Would you be surprised if I told you that the battle between electric and gasoline-powered vehicles is over 100 years old?


Powerhouse Museum Collection.

In the early 20th century, gasoline-powered cars and electric cars coexisted. There were even steam cars. Gasoline cars had greater range and could be ‘recharged’ instantly with a jerry-can of petrol, picked up from the general store. But they were loud, smelly, and difficult – even dangerous – to start: the only way to start them was by manually winding a heavy crank shaft, and if the car backfired the crank shaft could break your arm! By comparison, electric cars offered quiet operation and easier start up, with roughly the same limitations that they have today: once you were out of power, you faced a long wait while the car batteries recharged. The pros and cons on each side were roughly balanced, and because of this an interesting innovation race took off.

One big name, fighting for the electric car, was Thomas Edison. Electric cars, back then, ran off rechargeable lead-acid batteries that were essentially the great-great grandfather of the auxiliary lead-acid batteries in today’s cars. Edison thought he could do better, and that brings me to today’s object.

Pictured above is a B-2 nickel-iron (or ‘Edison’) battery. The sectioning of the battery gives us a nice look at its internal workings and lets us see how it compares with later ‘dry cell’ batteries like the Columbia ignitor. B-2 is simply a model number used by Edison to distinguish batteries used for different purposes, much like today’s batteries are AA, AAA, C, D, and so on. This particular model was not used for electric cars (that responsibility fell to its big brother, the A cell); instead, the B-2 was typically reserved ‘for ignition, and other light work’. Other uses for Edison batteries included telegraphy, and running lamps and signals in mines, trains, and ships. Large nickel-iron batteries were even deployed in submarines in World War I.

One of its most desirable features was that the Edison battery was nigh-on indestructable; workers at Edison’s factory performed wear testing by repeatedly throwing the battery out a third-floor window. It was also rugged electrically; the cells could withstand being left uncharged for decades, before working just-like-new after a fresh charge and electrolyte top-up. Detroit Electric Car

Edison batteries were used to run another item in the Powerhouse collection: the Detroit Electric car (see right). In fact, Edison himself owned one. The Detroit electric boasted a range of about 130 km (if driven conservatively) and a top speed of around 50 km/h. There was a surge of popularity for such cars again during World War I, when the price of petrol rose sharply. A public charging point was even installed at Palmer Street in the Sydney CBD, allowing you to recharge your electric vehicle for a modest fee. (I find this revelation quite funny, as a century later, we’re having debates about ‘range anxiety’ on electric cars and how to recharge your electric car while on vacation).

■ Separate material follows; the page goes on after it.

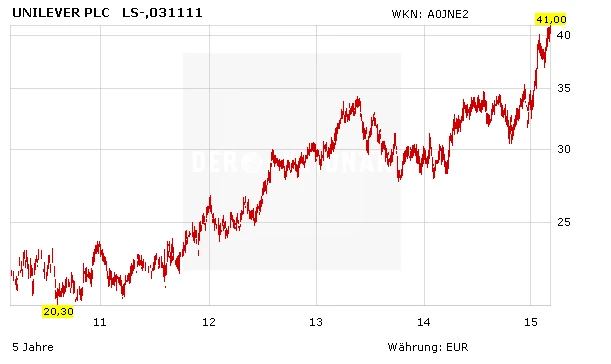 Daher kann damit gerechnet werden, dass sich Unilever-Aktionäre über weitere Dividendenerhöhungen freuen dürfen. Zumal Unilever so etwas wie ein europäischer Dividenden-Aristokrat ist: Seit 40 Jahren wurde die Dividende stetig angehoben. Aktuell liegt die Rendite bei 3,2 Prozent.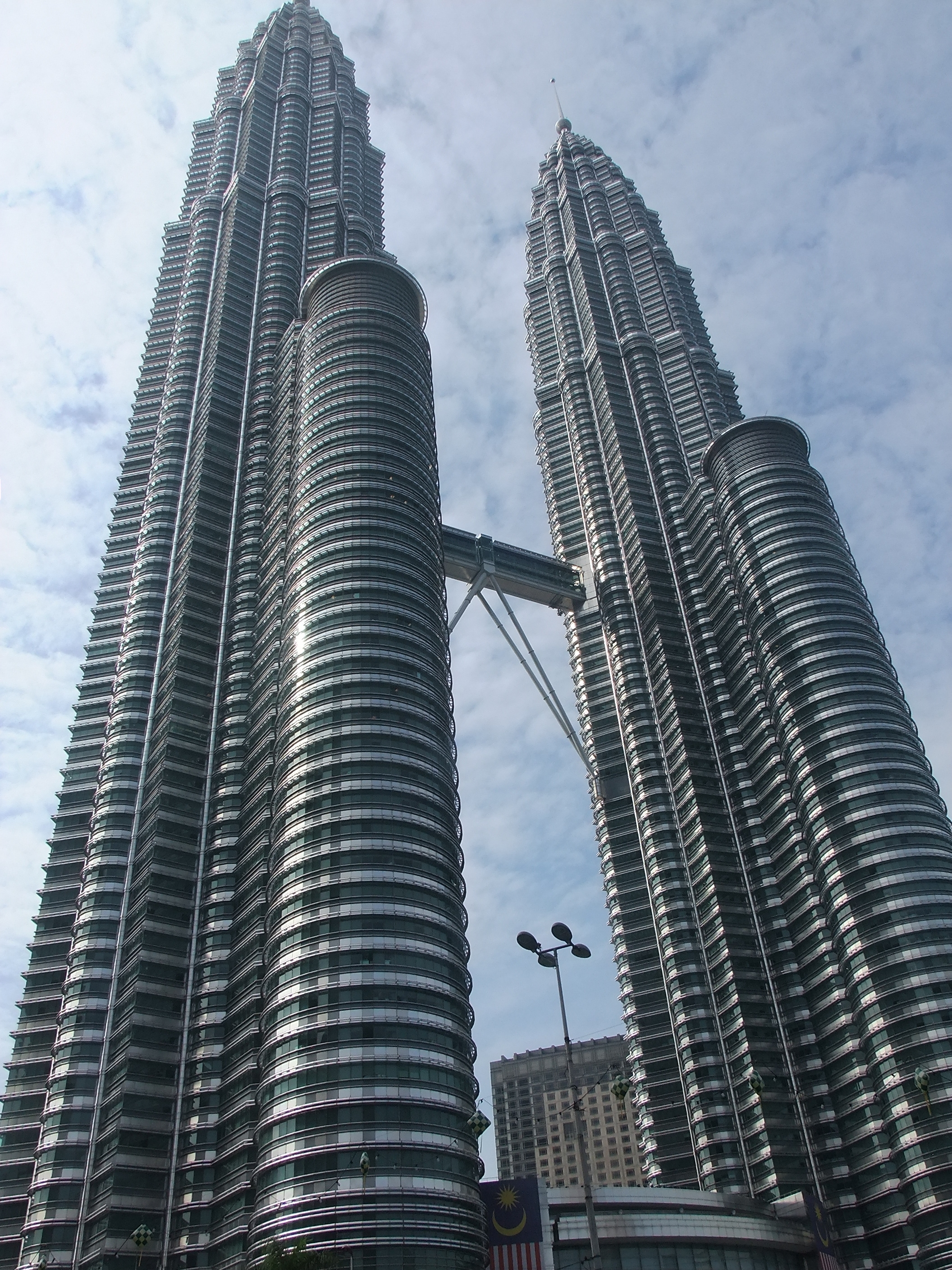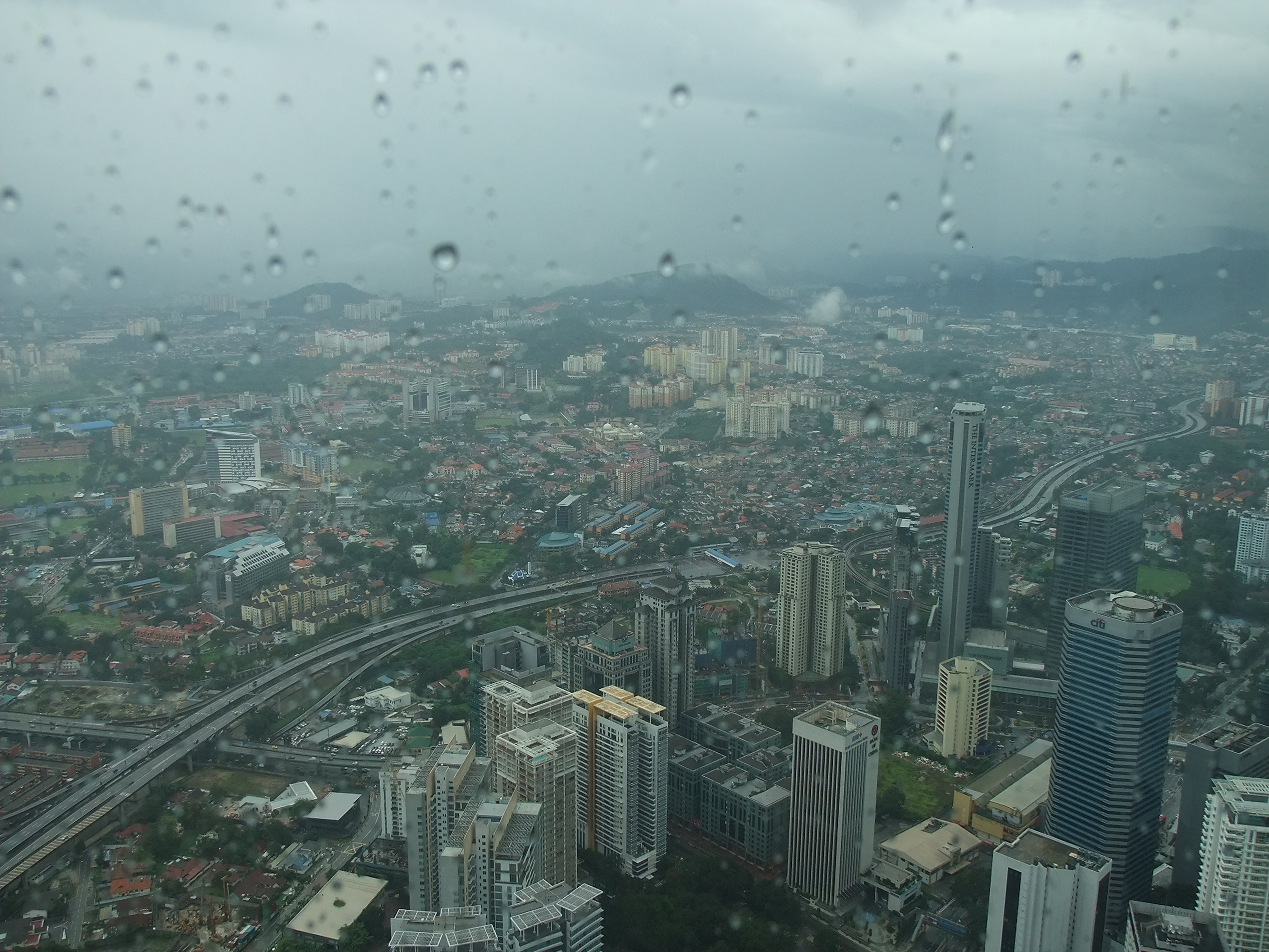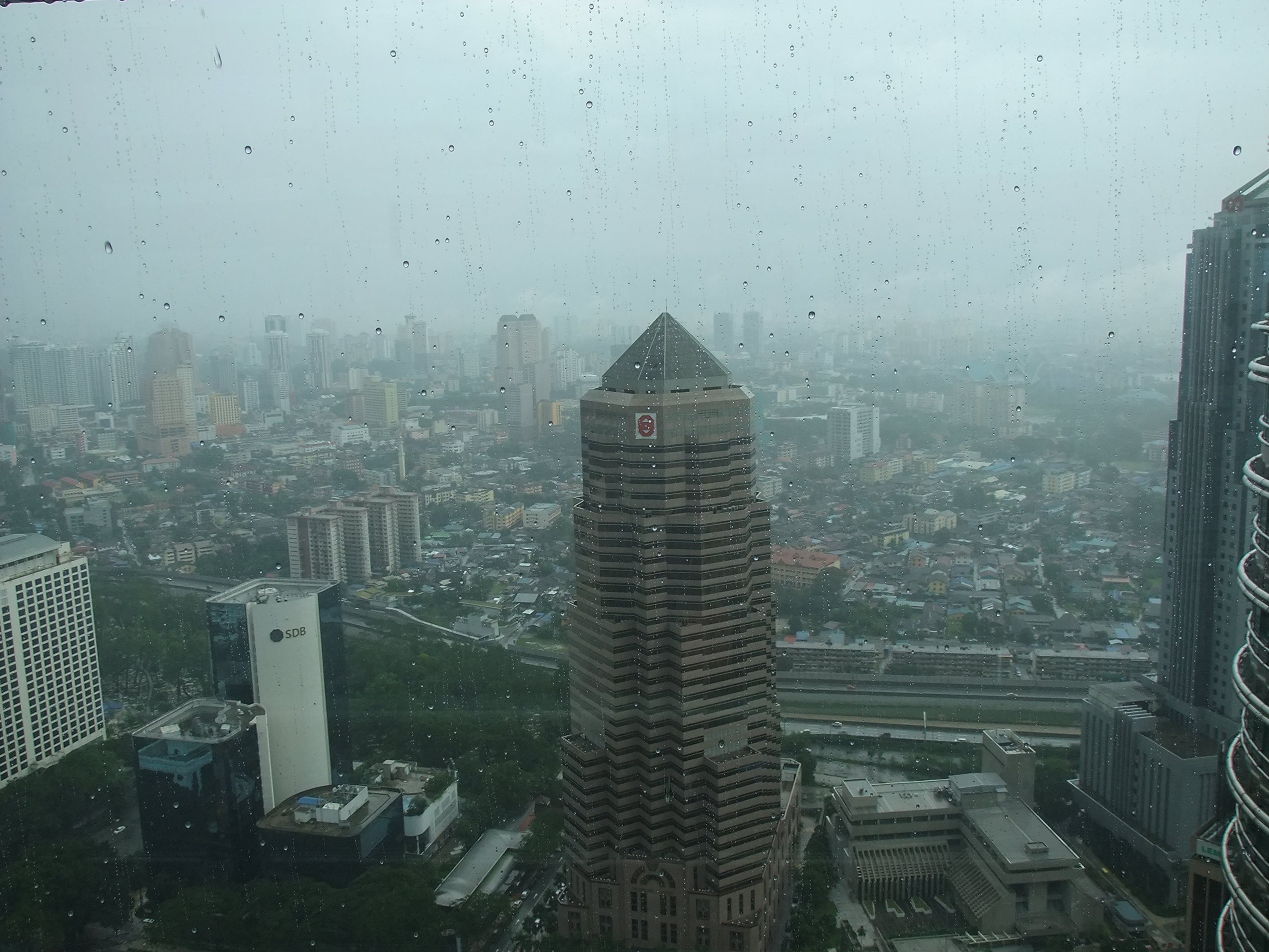 Am Nachmittag steht eine erste Besichtigung auf dem Programm: Ich habe schon vor vielen Wochen über das Internet eine Eintrittskarte für die Twin Towers reserviert. Sie gilt für heute um 17:00 Uhr und kostete 80 Ringgit. Ich habe die ausgedruckte Reservierungsbestätigung dabei, da ich aber nicht weiß, wie lange die Ausstellung des Tickets dauern wird, gehe ich etwas früher los. Das ist mein Glück, denn unmittelbar nachdem ich den Eingangsbereich der Türme erreicht habe, beginnt es in Strömen zu regnen. Obwohl ich die nächste Zeit im Inneren von Gebäuden verbringe, wirkt sich das schlechte Wetter auf meinen Besuch aus. Von Fernsicht kann keine Rede mehr sein. Und diese wäre bei schönem Wetter sicher sehr beeindruckend. Zunächst stehe ich mit etwa 30 anderen Besuchern in einer Schlange, dann müssen wir eine Sicherheitskontrolle wie am Flughafen absolvieren, anschließend werden wir mit einem Lift zur Skybridge gefahren, die in 170 Metern Höhe liegt. Trotz des Regens kann man von hier aus einen guten Rundblick über die Stadt genießen. Nach etwa 15 Minuten Aufenthalt erwartet uns der Höhepunkt, im wahrsten Sinne des Wortes. Ein weiterer Lift bringt uns in das 86. Stockwerk, auf 370 Meter Höhe. Aus dieser Distanz wirkt das Treiben auf den Straßen endgültig wie ein Blick auf einen Ameisenhaufen.

So whatever happened to the nickel-iron battery? Why do we have a lead-acid battery under the hood of our car nowadays? It was probably a combination of things. The electric starter motor was invented in 1911, eliminating one of the biggest drawbacks of petrol cars. Part of it might be the limitations of the Edison battery: it cost more to manufacture than a lead-acid battery; it was greatly inefficient at low temperatures, rendering it almost useless in winter; and it performed poorly in situations where a high discharge or high recharge rate was required. I’d also speculate that the market also played a role: petrol car manufacturers likely had business agreements with certain battery companies. Because of its wide range of other uses, the Edison battery was produced for over half a century, with production only stopping after Edison Storage Battery Co. was acquired by Exide Batteries.

So if you happen to be digging around in the grandparents’ tool shed and find an old Edison battery, you can tell your friends that you’ve found a part of one of the first electric cars. Hell, if you feel like fun, replace the electrolyte, and try (carefully!) giving it a charge. It’ll probably still work.